Tom Donald was lying under ferns, somewhere in Erua Forest. He’d been trying for hours to find his way out. Now it was dark, and he was trying to keep warm.
“Then I saw something little zooming around, knee-high and lit up with lights. It got closer and I worked out it was a dog on a long lead. People with headlamps showed up. It was the search team.”
“What’s your name, mate, are you a bit lost?” asked one of them.
“I’m Tom, and I’m proper lost,” Donald replied.
It turned out it was only a 10-minute walk to the road. “I was pretty relieved to get out of there.”
It had happened so easily. Earlier that day Donald had gone mountain biking up an old logging road. He’d got hot, so left his bike beside the road and went looking for the river he could hear close by. “I crashed down through the bush to the river. I went upstream, then downstream and found some nice pools, but when I went to go back to the road and my bike, I couldn’t find them. Suddenly, everything looked the same in that bush, just all wet and soggy and mossy.”

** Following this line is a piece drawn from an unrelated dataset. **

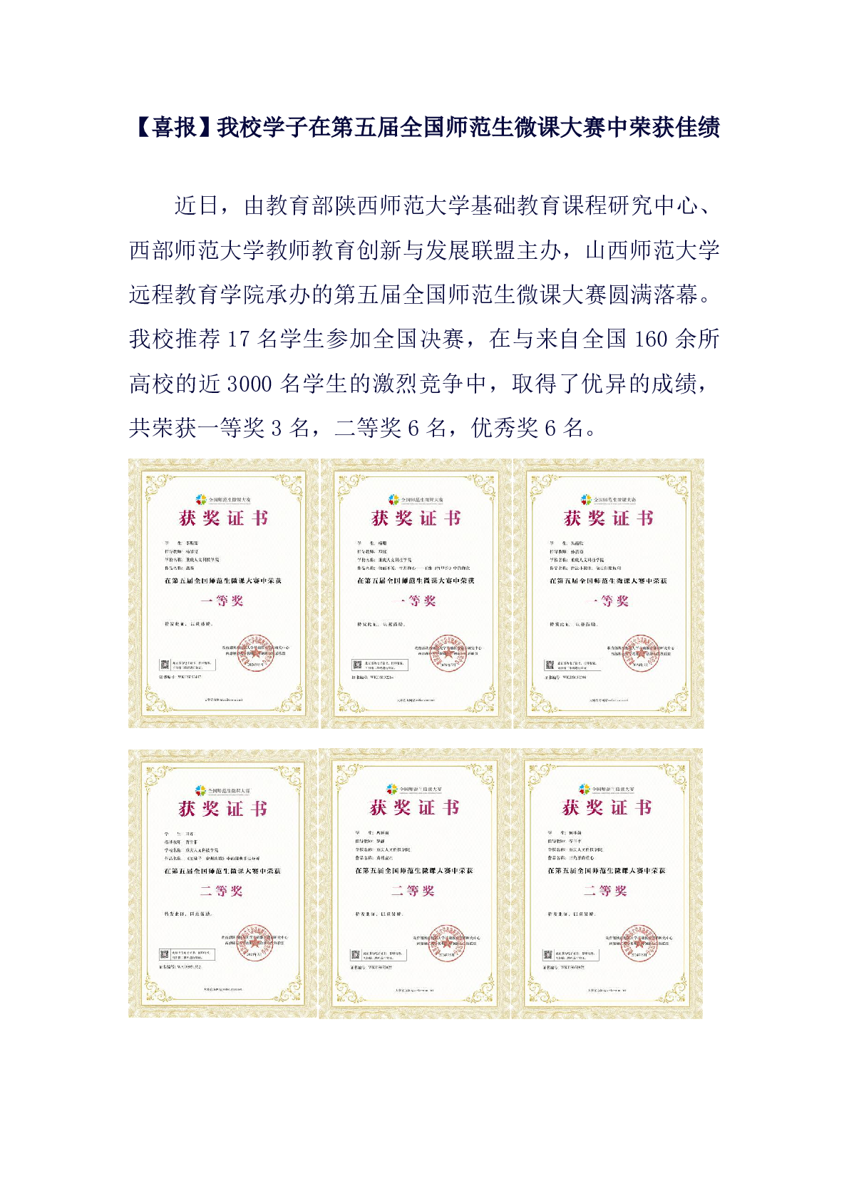 【喜报】我校学子在第五届全国师范生微课大赛中荣获佳绩

He climbed a hill but couldn’t see out. With no phone reception, he went back down. Nothing looked right. “It was rough terrain with steep drop-offs,” he says. “It started getting dark so I found a ferny patch and snuggled in.”
And eventually, along came search dog Echo to the rescue.
“There was no way we would have seen Tom without the dog”, says Echo’s handler, Steve Signal. “He was lying in a hollow and had covered himself with ferns. It felt pretty good to be able to say, ‘come on mate, let’s get you home’.
“There’s nothing more rewarding than finding a lost person, but if it’s a worst-case scenario and we find a body at least that gives closure to the family. That’s why we do this.”
Signal and Echo are one of 20 currently certified NZ LandSAR Search Dog teams nationwide. Teams specialise as either avalanche or wilderness search dogs. Some, like Echo, can do both. Each year, in total, they average more than 16,000 training hours and 1000 search hours.